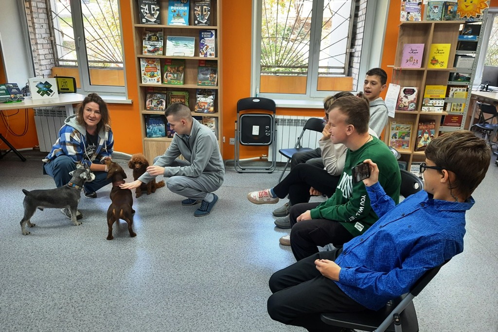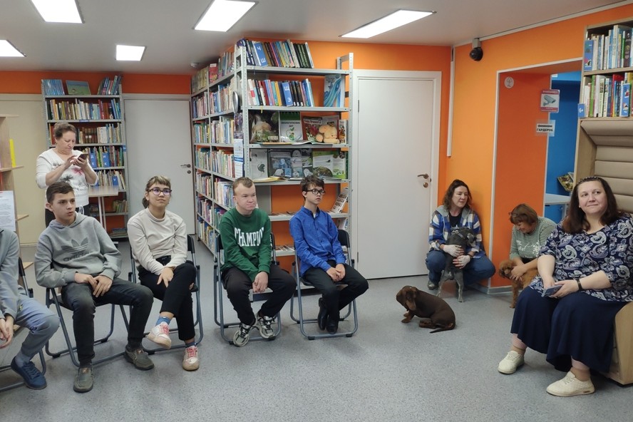 Стоит отметить, что модернизированная библиотека № 20 на Заре также является партнером социального проекта «Школа ответственного собаковода (ШОС)», на базе библиотеки неоднократно проходили встречи в формате Круглого стола «Канистерапия» (встреча профильных специалистов), на которых специалисты помогающих профессий — кинологи, зоопсихологи, работники социальной сферы как раз и рассматривали перспективы применения собак в педагогической, коррекционной, реабилитационной деятельности.
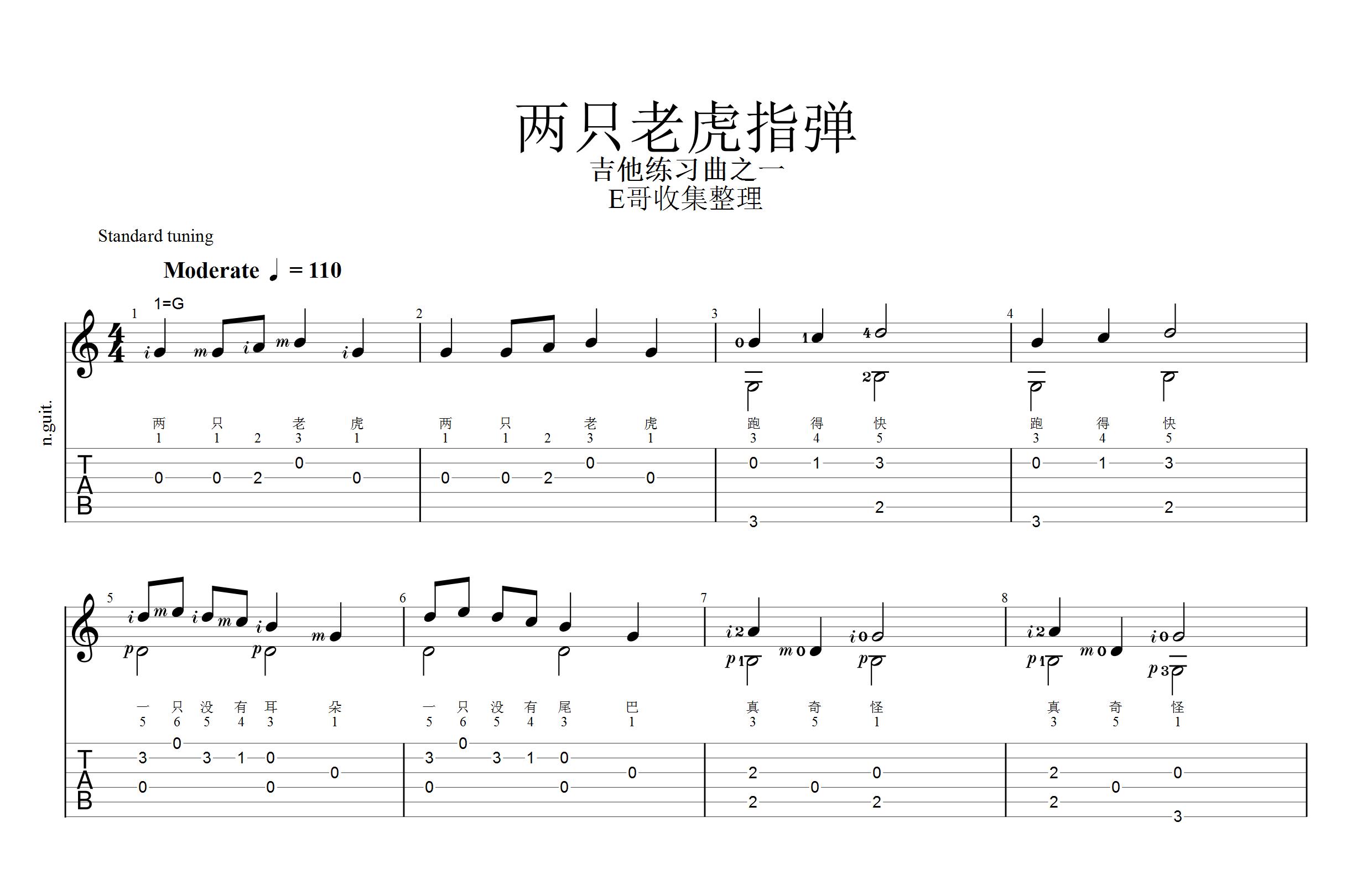 三、《两只老虎》吉他指弹六线谱加五线谱
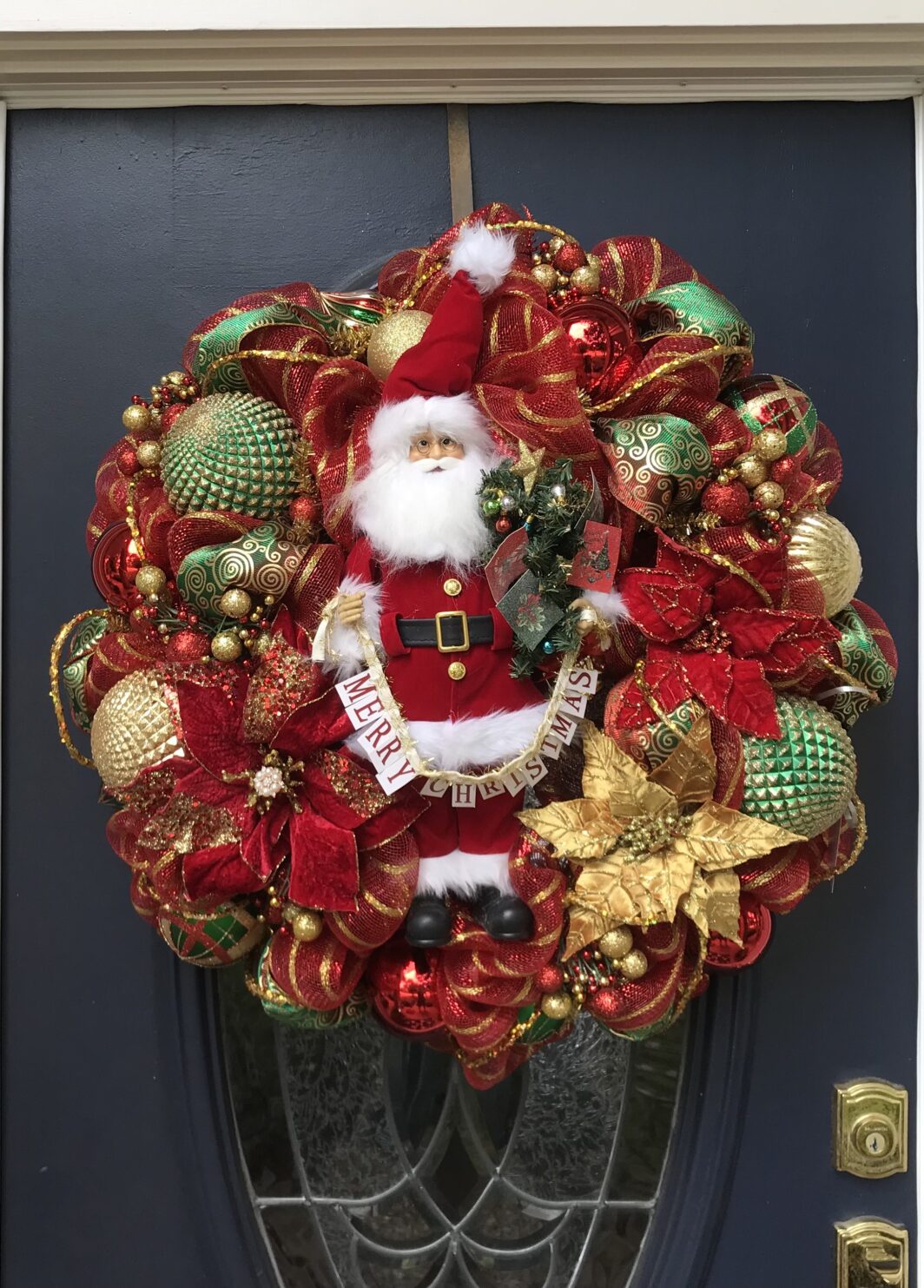 This 30 inch deluxe red and gold stripe mesh wreath has a Santa holding a Merry Christmas sign in the center with decorative poinsettias, decorative balls and ribbon all through the wreath.

··········

• _Work order_
The answer should consist solely of the lines from the one containing "三、《两只老虎》吉他指弹六线谱加五线谱" through the last line of the material, copied exactly, with pictures left out.

• _Response area_
 三、《两只老虎》吉他指弹六线谱加五线谱
 This 30 inch deluxe red and gold stripe mesh wreath has a Santa holding a Merry Christmas sign in the center with decorative poinsettias, decorative balls and ribbon all through the wreath.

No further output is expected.